Adam se volvió hacia ella, incorporándose.
—Lo sabes perfectamente. Hicimos el amor. Cuando te propuse que nos
casáramos acordando que no consumaríamos nuestra unión, creí que sería capaz de
soportarlo por el bien de Rosie. Sabía que si alguna vez cedía a la tentación de
tocarte, lo pasaría muy mal. Tú ya me habías puesto antes en el potro de tortura; no
iba a exponerme nuevamente a aquello… Pero por otro lado, quería que nuestra hija
tuviera dos padres. ¿Por qué crees que acorté nuestra presunta luna de miel? Porque
deseaba que fuera una luna de miel verdadera, real. Cuando te tomé entre mis
brazos, me consumió el deseo… Por eso al día siguiente te llevé a Willow Cottage y me
marché. Ordené a mis abogados que siguieran el rastro de aquel condenado dinero…
Lo localizaron en una cuenta suiza y ayer me enteré de que habían podido liberarlo
con una orden judicial. A propósito, es tuyo… Es el precio de tu independencia.
Luego, durante aquel primer viaje, todo lo que hice fue pensar en nuestra relación.
No me atrevía a convertir nuestro matrimonio en un matrimonio real, verdadero.

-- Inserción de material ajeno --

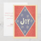 Compartilhe o espírito da época com este cartão de Natal plano, com um design ousado em forma de diamante na frente, com a palavra Joy em letras inspiradas retroativamente cercadas por flocos de neve. As costas incluem a sua mensagem de feriado personalizada: Desejando-lhe uma temporada cheia de alegria e alegria! Que suas férias brilhem com momentos de amor, riso e felicidade. Feliz Natal e um feliz Ano Novo! Uma maneira simples e festiva de enviar desejos calorosos a amigos, familiares e colegas de trabalho.

Volví y… Bueno, mira lo que sucedió. Me acosté contigo. Era lo peor que podía haber
hecho bajo aquellas circunstancias, y entonces lo vi claro. Me estaba exponiendo a
sufrir nuevamente en los brazos de la mujer que me había ocultado la existencia de
mi hija, que me había confesado su amor para luego casarse con otro hombre con
mejores recursos… Así que me sobrepuse a la situación y decidí terminar con ella.
No podía soportarlo.
Empezó a quitarle la ropa empapada, y Claudia advirtió que le temblaban las
manos. El corazón le dio un salto en el pecho.
—No entiendo… —susurró—. ¿Me estás diciendo que todavía me deseas como
antes? ¿Que… Que todavía me amas?
Adam ya la había despojado de la última prenda de ropa interior, y una
expresión de deseo oscureció el gris de sus ojos.
—Te lo diré si me prometes que lo que antes me dijiste en la playa… Era
verdad.
—¿Que te amo, que nunca he dejado de amarte? —lo miró con los ojos llenos de
lágrimas—. ¡Te lo juro por la vida de nuestra hija!
—¡Con eso me basta! —repuso con voz ronca mientras la levantaba en brazos
para meterla en la bañera—. Te amo. Probablemente más de lo que jamás llegues a
imaginarte, y no tengo la más mínima intención de exponerte a un resfriado, o a algo
peor —añadió sonriente; tenía los ojos brillantes de emoción cuando le acarició el
cabello húmedo—. Hagamos de este día el primero de nuestro matrimonio…
Guardando la fecha de este aniversario como nuestro secreto más íntimo.